Taking the entries below, transcribe only the lines starting with the one with "01:35:10Niklas' Spiel 'Warner's" and going on through the one with "Großes Display mit", exactly as written, without the pictures.

TASK INPUTS Block Start

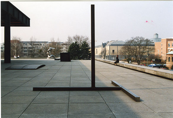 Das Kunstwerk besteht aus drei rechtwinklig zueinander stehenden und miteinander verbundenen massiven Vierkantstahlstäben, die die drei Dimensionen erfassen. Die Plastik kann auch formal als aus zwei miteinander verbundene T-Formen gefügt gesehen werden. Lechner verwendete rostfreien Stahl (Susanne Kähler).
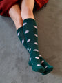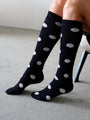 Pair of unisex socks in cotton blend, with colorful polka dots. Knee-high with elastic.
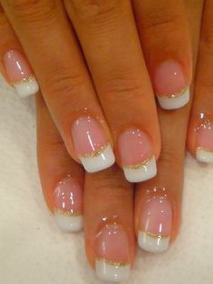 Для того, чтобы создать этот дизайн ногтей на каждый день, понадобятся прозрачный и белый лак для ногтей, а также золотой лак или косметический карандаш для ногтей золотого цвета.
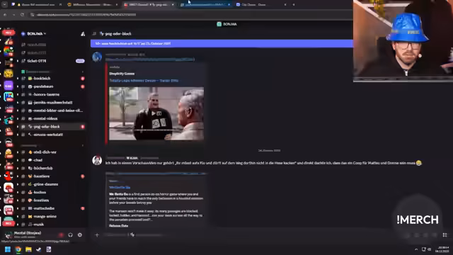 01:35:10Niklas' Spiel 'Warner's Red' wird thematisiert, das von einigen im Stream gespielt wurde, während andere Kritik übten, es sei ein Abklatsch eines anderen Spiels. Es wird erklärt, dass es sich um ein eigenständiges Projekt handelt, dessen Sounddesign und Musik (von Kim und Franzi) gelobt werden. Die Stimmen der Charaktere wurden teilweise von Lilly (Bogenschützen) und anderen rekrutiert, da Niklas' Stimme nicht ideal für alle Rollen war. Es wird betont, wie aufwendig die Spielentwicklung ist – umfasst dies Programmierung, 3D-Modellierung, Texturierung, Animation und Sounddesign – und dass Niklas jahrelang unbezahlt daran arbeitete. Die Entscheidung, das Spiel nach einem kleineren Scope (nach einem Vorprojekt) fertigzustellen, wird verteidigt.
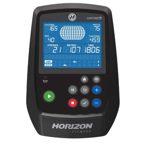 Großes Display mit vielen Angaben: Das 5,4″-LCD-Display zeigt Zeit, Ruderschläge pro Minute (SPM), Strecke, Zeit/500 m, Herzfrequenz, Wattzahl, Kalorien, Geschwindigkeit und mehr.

TASK INPUTS Block End
TASK INPUTS Block Start

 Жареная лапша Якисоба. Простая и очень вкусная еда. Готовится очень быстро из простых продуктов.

TASK INPUTS Block End

** SOLUTION FOR THIS EXERCISE **
 01:35:10Niklas' Spiel 'Warner's Red' wird thematisiert, das von einigen im Stream gespielt wurde, während andere Kritik übten, es sei ein Abklatsch eines anderen Spiels. Es wird erklärt, dass es sich um ein eigenständiges Projekt handelt, dessen Sounddesign und Musik (von Kim und Franzi) gelobt werden. Die Stimmen der Charaktere wurden teilweise von Lilly (Bogenschützen) und anderen rekrutiert, da Niklas' Stimme nicht ideal für alle Rollen war. Es wird betont, wie aufwendig die Spielentwicklung ist – umfasst dies Programmierung, 3D-Modellierung, Texturierung, Animation und Sounddesign – und dass Niklas jahrelang unbezahlt daran arbeitete. Die Entscheidung, das Spiel nach einem kleineren Scope (nach einem Vorprojekt) fertigzustellen, wird verteidigt.
 Großes Display mit vielen Angaben: Das 5,4″-LCD-Display zeigt Zeit, Ruderschläge pro Minute (SPM), Strecke, Zeit/500 m, Herzfrequenz, Wattzahl, Kalorien, Geschwindigkeit und mehr.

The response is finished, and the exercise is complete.